AMD announced its new PCoIP (PC over IP)-based AMD FirePro R5000 remote graphics card. The FirePro R5000 is designed to power remote 3D-graphics workflows and full computing experiences over IP networks.

The graphics card is combined with AMD's Graphics Core Next (GCN) architecture with Teradici's PCoIP technology to deliver a 3D experience with low latency transmission. The graphic card is ideal for mid-range multi-monitor workstations such as medical imaging.

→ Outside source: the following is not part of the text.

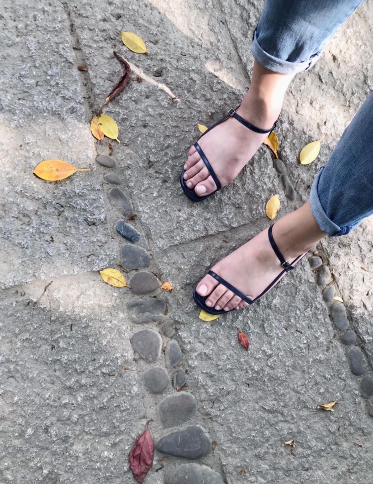 看起來悠哉的照片 其實流了一桶汗😓 推薦一下腳上的涼鞋,深藍色意外襯膚色 第一次嘗試💕 大腳ㄚ的愛牌 上衣、牛仔褲:Uniqlo 皮帶:by_my_wear 涼鞋:d+af

"IT professionals are looking for a secure and straight forward cloud-based graphics solution that delivers core functionality capable of adapting to meet each employee's unique graphics needs," said David Cummings, senior director and general manager of AMD Professional Graphics. "The AMD FirePro R5000 meets these needs, delivering the flexibility, functionality, security and industry-leading graphics capabilities companies look for when deciding on a remote graphics solution."

The AMD FirePro R5000 comes with AMD PowerTune and AMD ZeroCore Power intelligent power management and monitoring tools which help consume less power.

The next generation Teradici TERA2240 host processor helps transmit images up to 300 megapixels per second and videos with refresh rates up to 60 frames per seconds, which the Teradici cites as "the best remote user experience possible."

"With the introduction of the AMD FirePro R5000 with Teradici PCoIP processor, IT departments now have powerful centralized computing solutions that are easy to manage, and deliver the graphics performance required to handle high resolution images, video and 3D models with ease," said Trent Punnett, vice president of Product Management, System Engineering and Corporate Development at Teradici.

"In addition, the AMD FirePro R5000 can be brokered and managed by VMware View giving a common broker and management window across both workstation and VDI desktops, and works with PCoIP zero clients that are offered by an ecosystem of over 30 OEMs," he added.

Nvidia, the biggest competitor for AMD, has also made notable pushes in the virtualized workstation graphics in the past year. It came up with VDI (Virtual Desktop Infrastructure) and a specialized board which is capable of supporting four separate workstations from a single PCB.